■ What you have to do
Copy the listing below exactly. Pictures stay out of it.

■ Dataset content
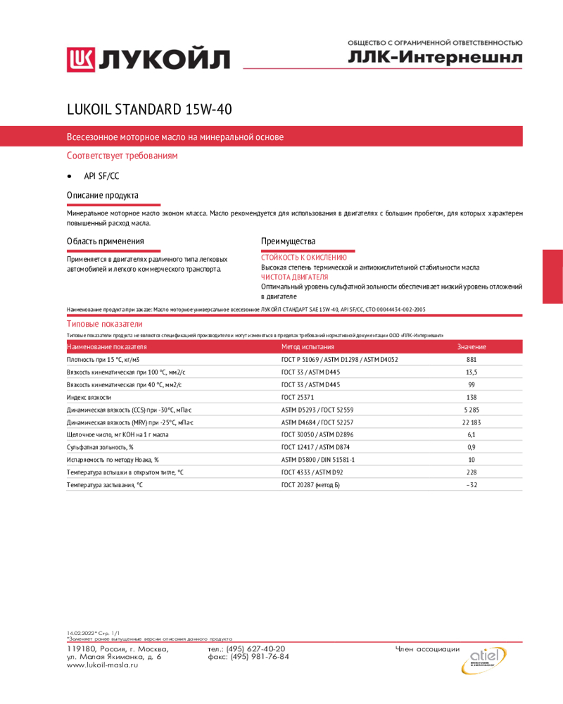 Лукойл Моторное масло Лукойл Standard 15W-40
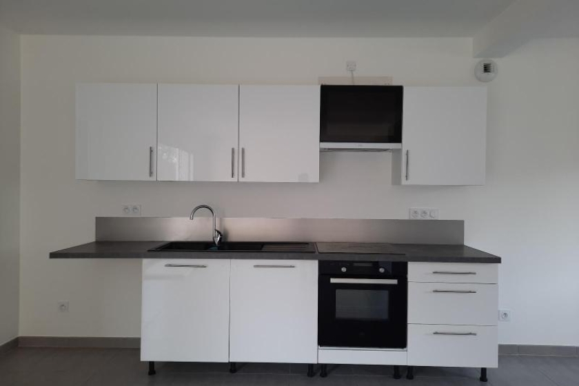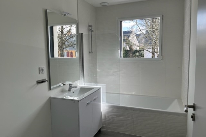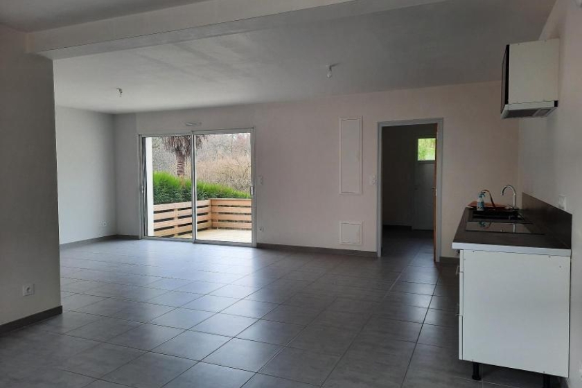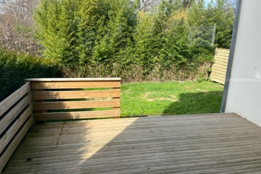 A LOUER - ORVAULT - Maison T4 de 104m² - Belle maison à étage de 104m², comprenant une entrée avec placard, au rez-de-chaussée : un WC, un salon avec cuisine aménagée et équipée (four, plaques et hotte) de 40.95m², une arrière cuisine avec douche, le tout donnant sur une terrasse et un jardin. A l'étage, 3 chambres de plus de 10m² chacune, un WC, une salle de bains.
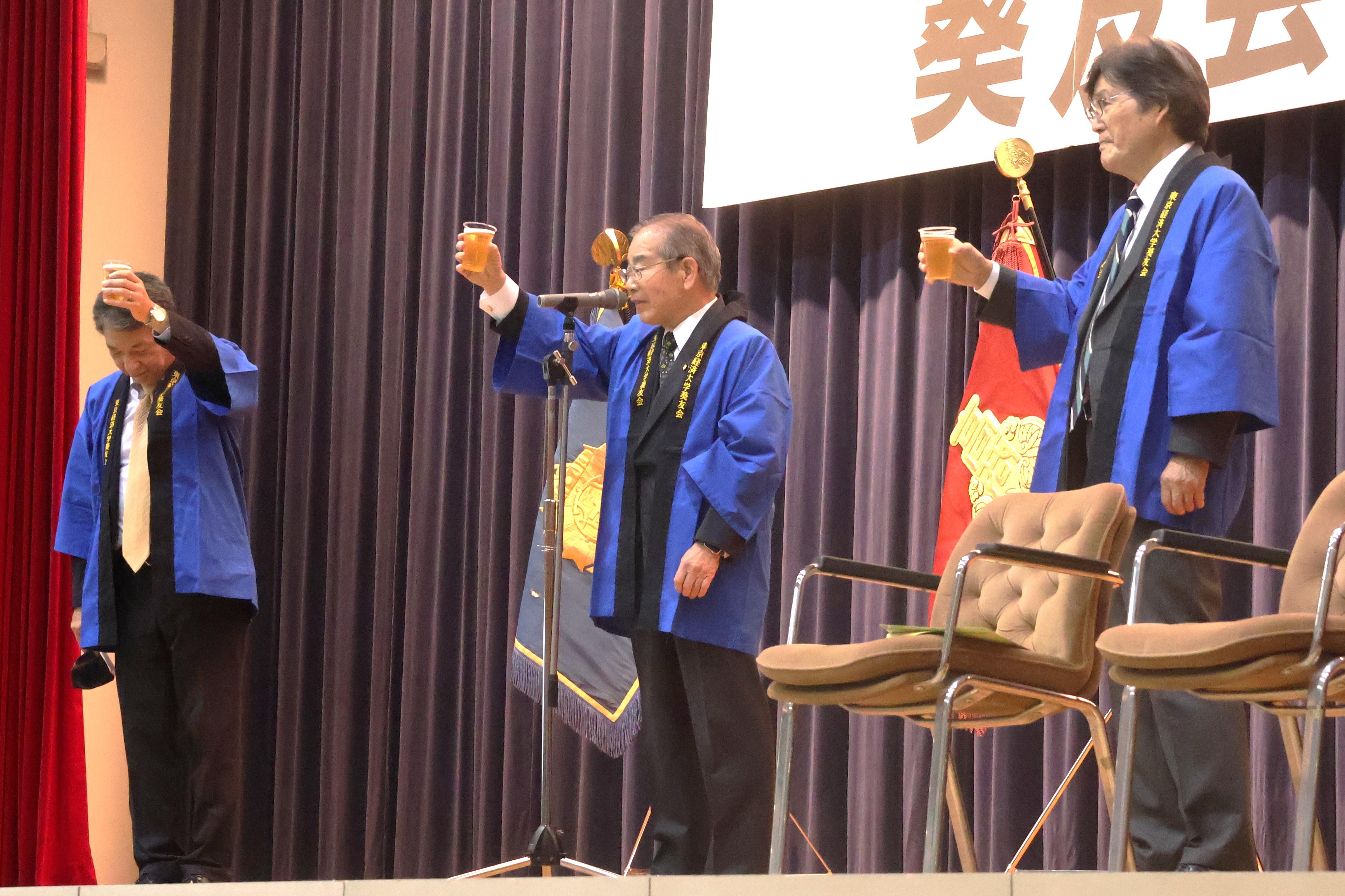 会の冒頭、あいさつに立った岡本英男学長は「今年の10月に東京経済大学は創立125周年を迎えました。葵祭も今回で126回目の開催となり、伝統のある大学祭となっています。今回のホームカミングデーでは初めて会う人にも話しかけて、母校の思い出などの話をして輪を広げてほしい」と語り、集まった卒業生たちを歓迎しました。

■ Expected output
 Лукойл Моторное масло Лукойл Standard 15W-40
 A LOUER - ORVAULT - Maison T4 de 104m² - Belle maison à étage de 104m², comprenant une entrée avec placard, au rez-de-chaussée : un WC, un salon avec cuisine aménagée et équipée (four, plaques et hotte) de 40.95m², une arrière cuisine avec douche, le tout donnant sur une terrasse et un jardin. A l'étage, 3 chambres de plus de 10m² chacune, un WC, une salle de bains.
 会の冒頭、あいさつに立った岡本英男学長は「今年の10月に東京経済大学は創立125周年を迎えました。葵祭も今回で126回目の開催となり、伝統のある大学祭となっています。今回のホームカミングデーでは初めて会う人にも話しかけて、母校の思い出などの話をして輪を広げてほしい」と語り、集まった卒業生たちを歓迎しました。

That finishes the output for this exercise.